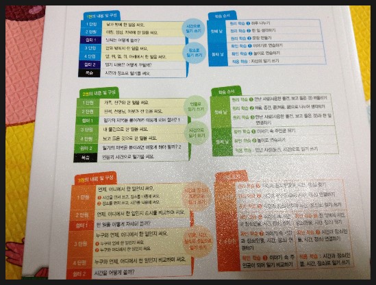 시간, 장소, 인물, 사건등을 조합하여 일기쓰기로 구성되어 있어요.
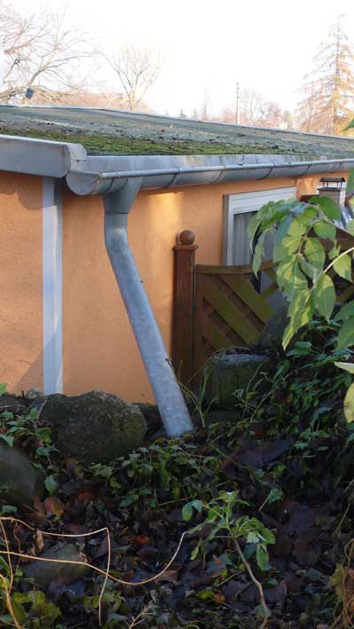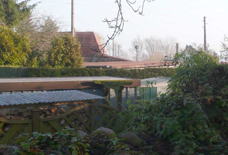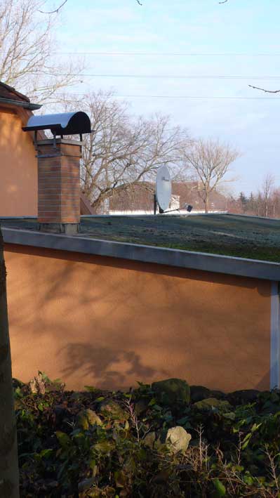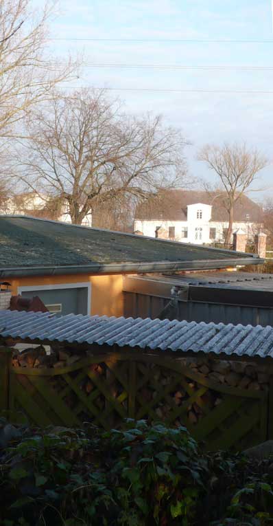 An der anderen Seite der Kirche immer noch die unterbrochene Sichtachse durch ungenehmigten Anbau unterbrochen, baurechtlich und nach dem Denkmalschutzgesetz unerlaubt, in den alten Mauern eigreifend und darüber,in jüngster Zeit noch mal erhöht. Alles im Billigmatareriel schneller Verrottung und greller Farben.
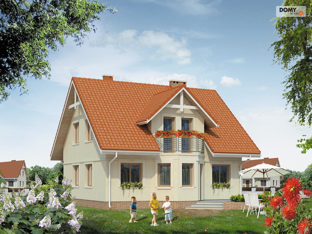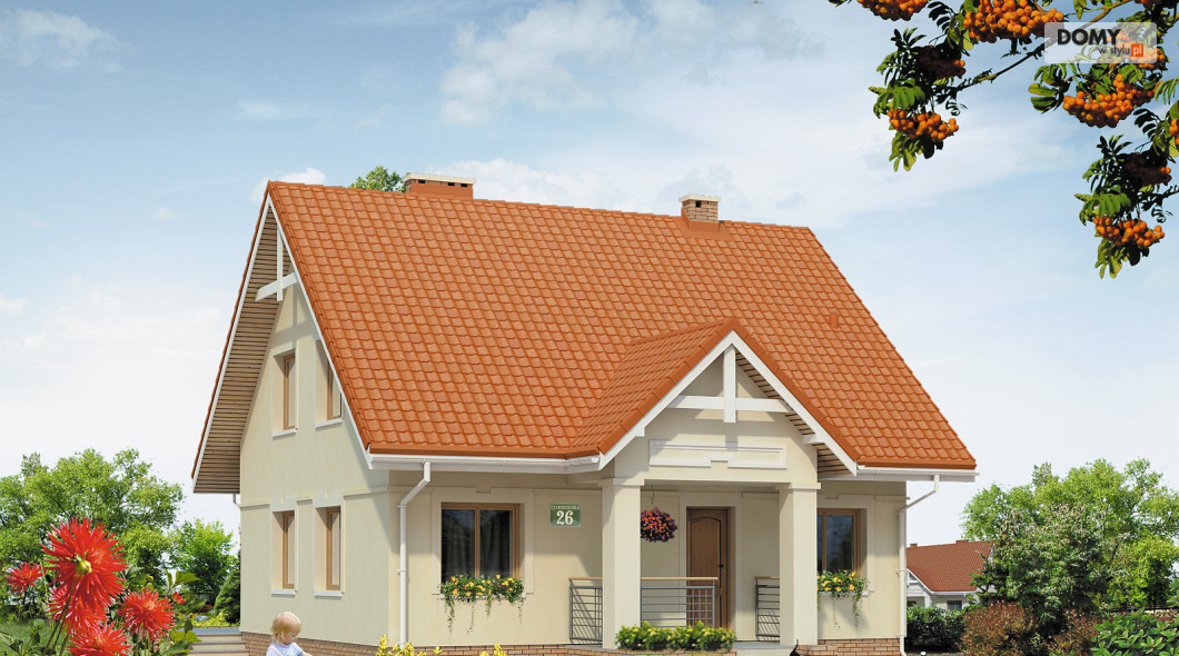 Dom jednorodzinny, wolno stojący, parterowy z użytkowym poddaszem. Pomimo niewielkich gabarytów zapewnia wygodę 4 – 5-osobowej rodzinie. Budynek o zwartej bryle z tradycyjnie ukształtowanym dachem.
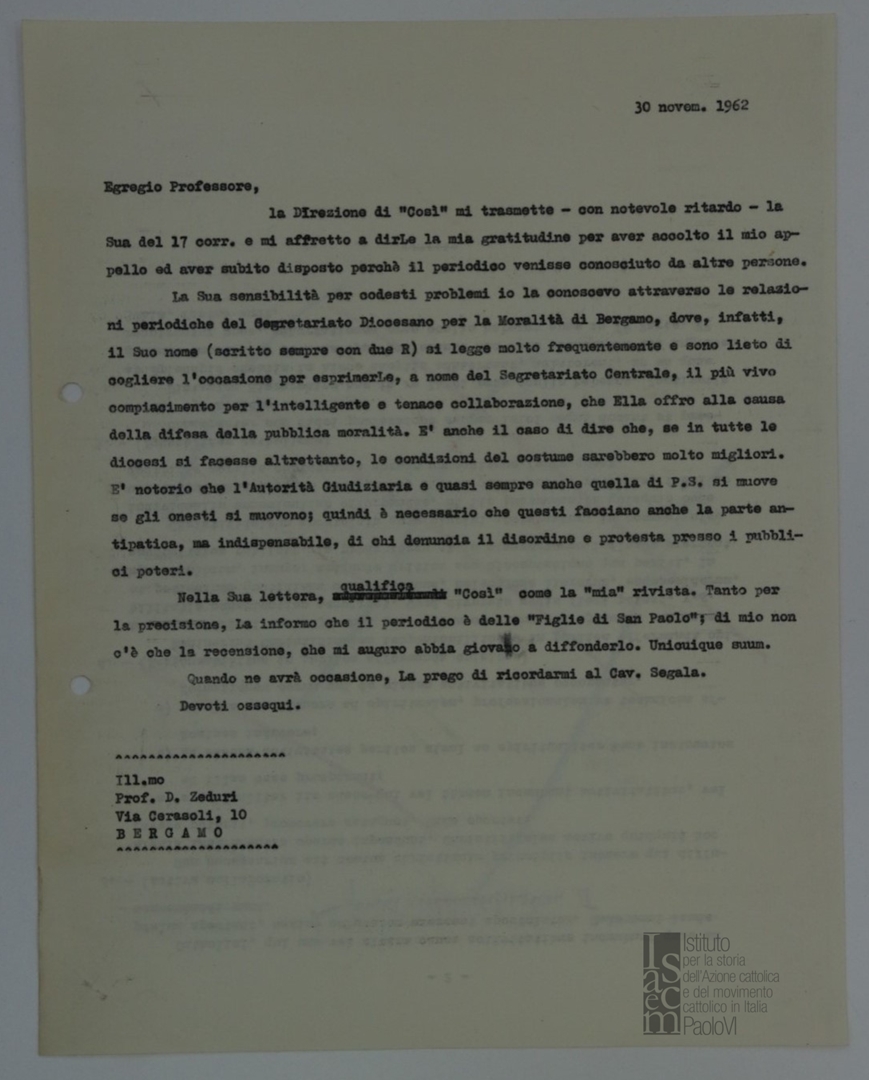 Lettera di mons. Ferdinando Prosperini a D. Zeduri, del Segretariato della moralità di Bergamo
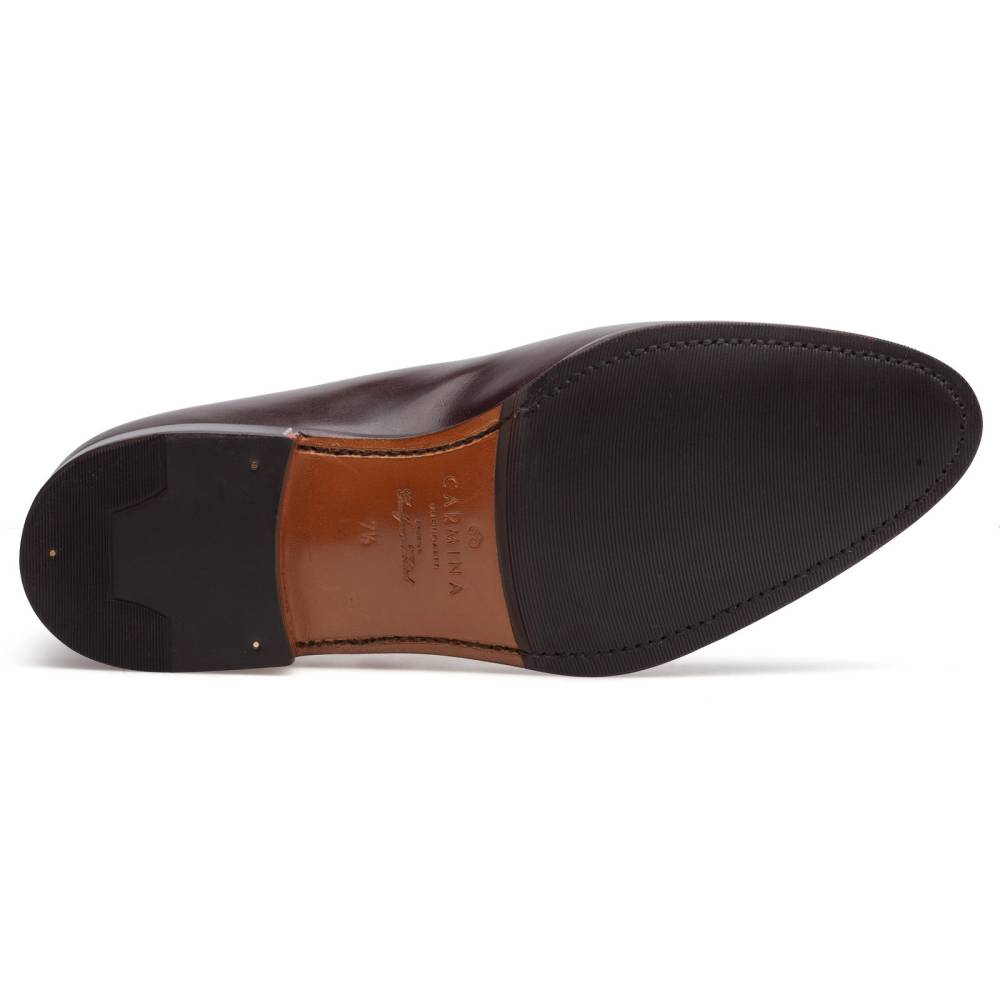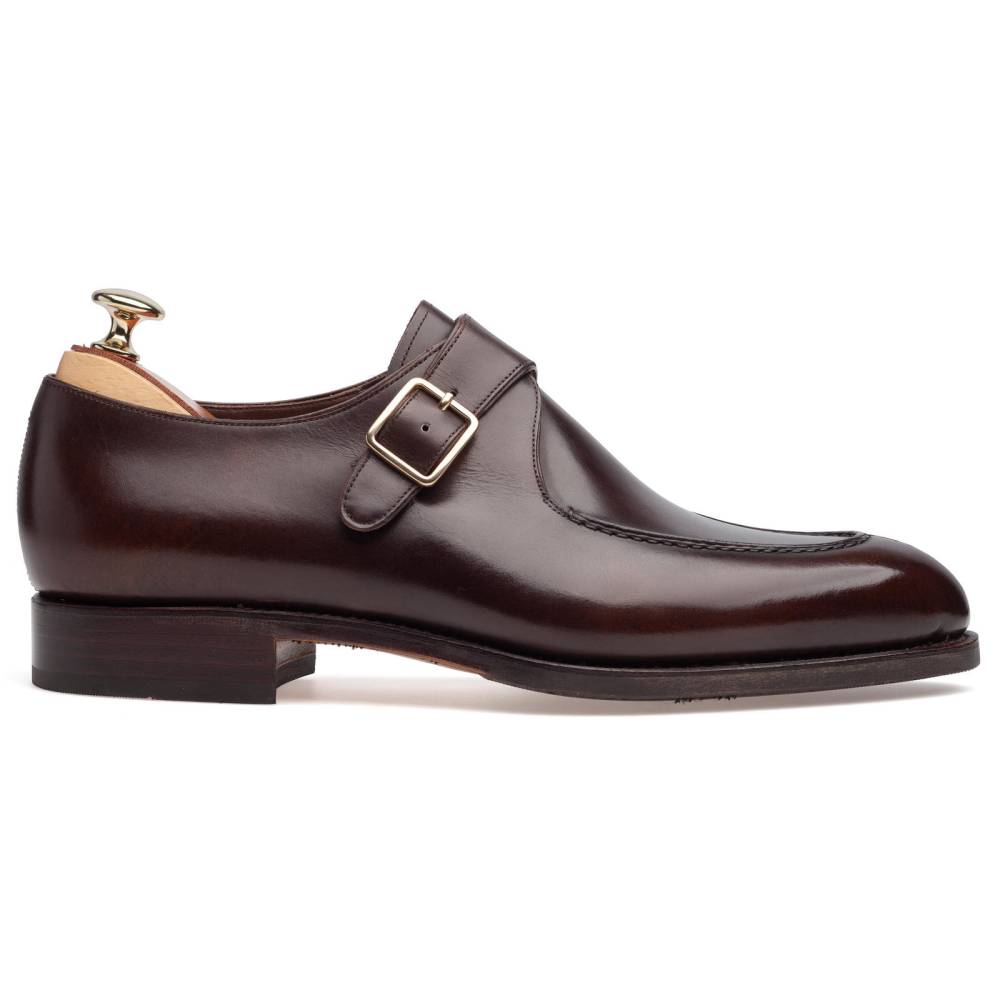 Повседневные монки Carmina Shoemaker на комбинированной подошве. Модель представляет собой монки с одной пряжкой в норвежском стиле с тремя сшитыми элементами в передней части (split toe single strap monk). Верх изготовлен из высококачественной гладкой телячьей кожи demascable, которая отличается неповторимыми переходами цвета от тёмно- к светло-коричневому. Чтобы достичь такого результата, мастера на фабрике вручную тонируют каждую пару. Конструкция Goodyear Welted.
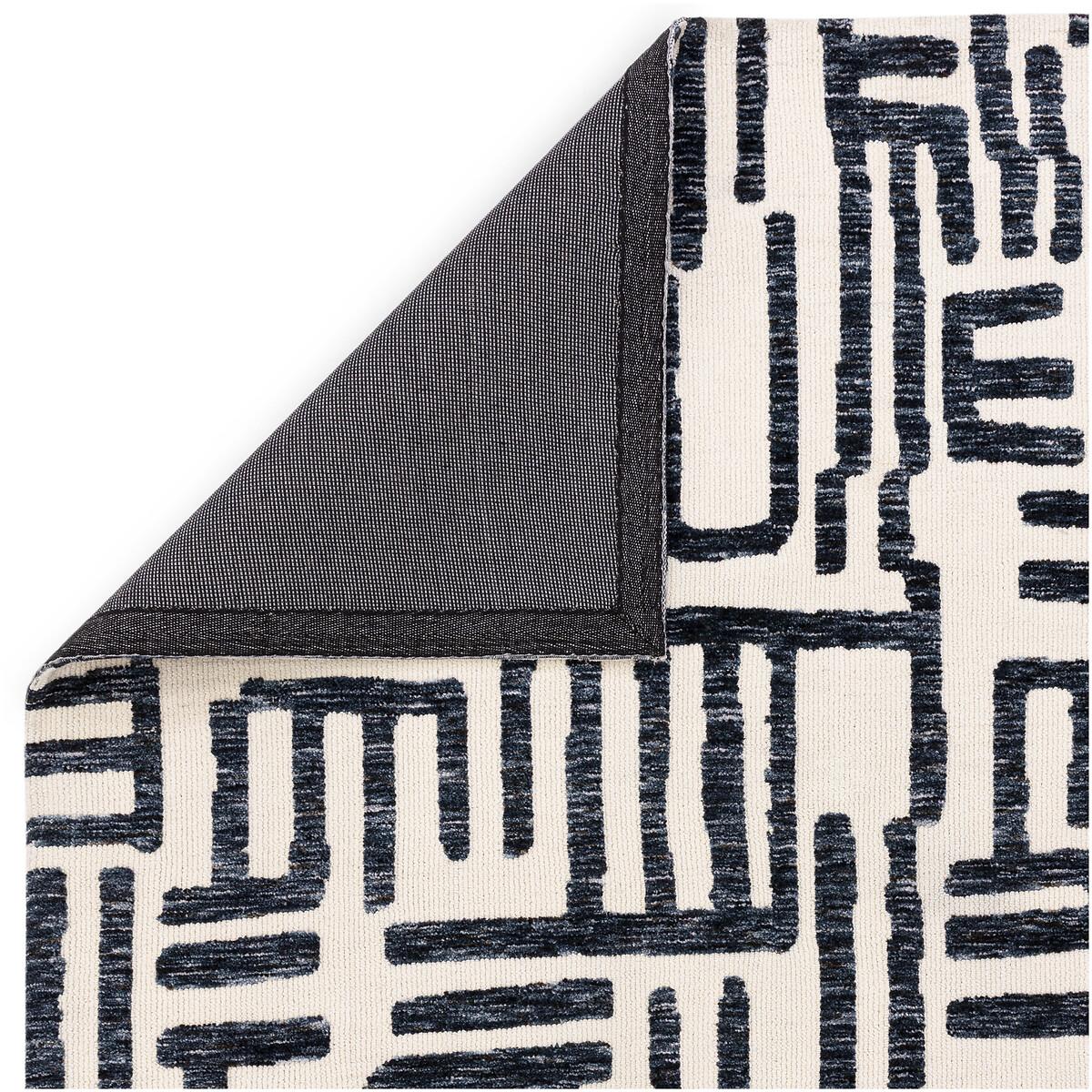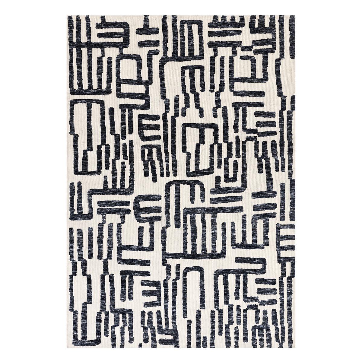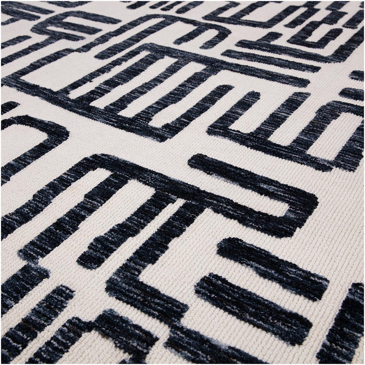 This bold abstract script rug is a great choice for adding visual interest to modern or contemporary interiors. I love how its monochrome palette makes it versatile enough to work with a wide range of colour schemes, from neutral to more vibrant schemes. It works well in open-plan living areas, bedrooms, or even office spaces where you want to create a focal point without overwhelming the room. Practical styling tips include pairing it with minimalist furniture to let the pattern shine, and layering with plain textiles, such as cushions or throws, to soften the look. Its graphic design can also help anchor a space, making it feel more cohesive, especially when styled with complementary accessories or artwork.
━━━━━━
Assignment:
Except for the pictures, return every line of the material exactly.

Answer for this exercise:
 시간, 장소, 인물, 사건등을 조합하여 일기쓰기로 구성되어 있어요.
 An der anderen Seite der Kirche immer noch die unterbrochene Sichtachse durch ungenehmigten Anbau unterbrochen, baurechtlich und nach dem Denkmalschutzgesetz unerlaubt, in den alten Mauern eigreifend und darüber,in jüngster Zeit noch mal erhöht. Alles im Billigmatareriel schneller Verrottung und greller Farben.
 Dom jednorodzinny, wolno stojący, parterowy z użytkowym poddaszem. Pomimo niewielkich gabarytów zapewnia wygodę 4 – 5-osobowej rodzinie. Budynek o zwartej bryle z tradycyjnie ukształtowanym dachem.
 Lettera di mons. Ferdinando Prosperini a D. Zeduri, del Segretariato della moralità di Bergamo
 Повседневные монки Carmina Shoemaker на комбинированной подошве. Модель представляет собой монки с одной пряжкой в норвежском стиле с тремя сшитыми элементами в передней части (split toe single strap monk). Верх изготовлен из высококачественной гладкой телячьей кожи demascable, которая отличается неповторимыми переходами цвета от тёмно- к светло-коричневому. Чтобы достичь такого результата, мастера на фабрике вручную тонируют каждую пару. Конструкция Goodyear Welted.
 This bold abstract script rug is a great choice for adding visual interest to modern or contemporary interiors. I love how its monochrome palette makes it versatile enough to work with a wide range of colour schemes, from neutral to more vibrant schemes. It works well in open-plan living areas, bedrooms, or even office spaces where you want to create a focal point without overwhelming the room. Practical styling tips include pairing it with minimalist furniture to let the pattern shine, and layering with plain textiles, such as cushions or throws, to soften the look. Its graphic design can also help anchor a space, making it feel more cohesive, especially when styled with complementary accessories or artwork.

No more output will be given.